1. The trial court erred in granting the state's motion in limine regarding the use of hearsay testimony; 2. The trial court erred in denying the motion to suppress statements; 3. The trial court erred in denying a challenge for cause; 4. The trial court erred in overruling an objection to the introduction of hearsay testimony; 5. The trial court erred in overruling an objection to the introduction of hearsay testimony; 6. The trial court erred in overruling an objection to the introduction of hearsay testimony; 7. The trial court erred in adjudging defendant guilty because the evidence was insufficient; 8. The trial court erred in denying the motion for a new trial; and 9. The trial court erred by imposing an excessive sentence and in failing to comply with the sentencing guidelines set forth in La.C.Cr.P. art. 894.1.

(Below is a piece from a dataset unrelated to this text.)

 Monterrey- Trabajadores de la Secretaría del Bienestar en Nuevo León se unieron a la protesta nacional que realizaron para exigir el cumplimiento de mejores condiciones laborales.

Defendant has expressly abandoned assignments of error two, three, and seven. Assignment of error number eight, purportedly briefed with assignments of error one, four, five, and six, was not briefed and, therefore, is considered abandoned. Uniform Rules—Courts of Appeal, Rule 2-12.4.

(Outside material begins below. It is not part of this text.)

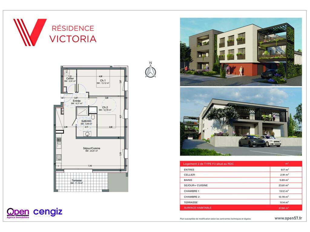 Découvrez le Lot 2 de la résidence Victoria, un appartement F3 de 67,68 m² situé au rez-de-chaussée, avec une terrasse privative de 11,14 m², idéalement orientée pour profiter des beaux jours en toute tranquillité.

On September 26, 1988, at two o'clock p.m., James Martin returned to his home on South Eugene Street and discovered he had been burglarized. All drawers in the bedroom had been emptied, and a videocassette recorder and gun were missing. The perpetrator removed a window unit, used a chair as a ladder, and gained entry into the house. During the police investigation of the burglary, latent fingerprints were lifted from the window unit, the windows, and the chair.

On October 3, 1988, at 12:30 p.m., Rod Masterson returned to his Bedford Drive home for lunch. He noticed that his front door and living room window were open and that his videocassette recorder was missing. While Mr. Masterson waited for the police to arrive, a neighbor related that Charles "Butch" James, who lived across the street, had seen someone in Masterson's driveway. Masterson and Officer Roger Tully spoke with Mr. James regarding a description of the suspect vehicle. Latent fingerprints were collected from this house as well.

Ella Gatlin, Masterson's next-door neighbor, was the victim of a burglary on the same date. Prescription drugs, a watch, and cash were taken from her home. Latent fingerprints were lifted from some of the windows.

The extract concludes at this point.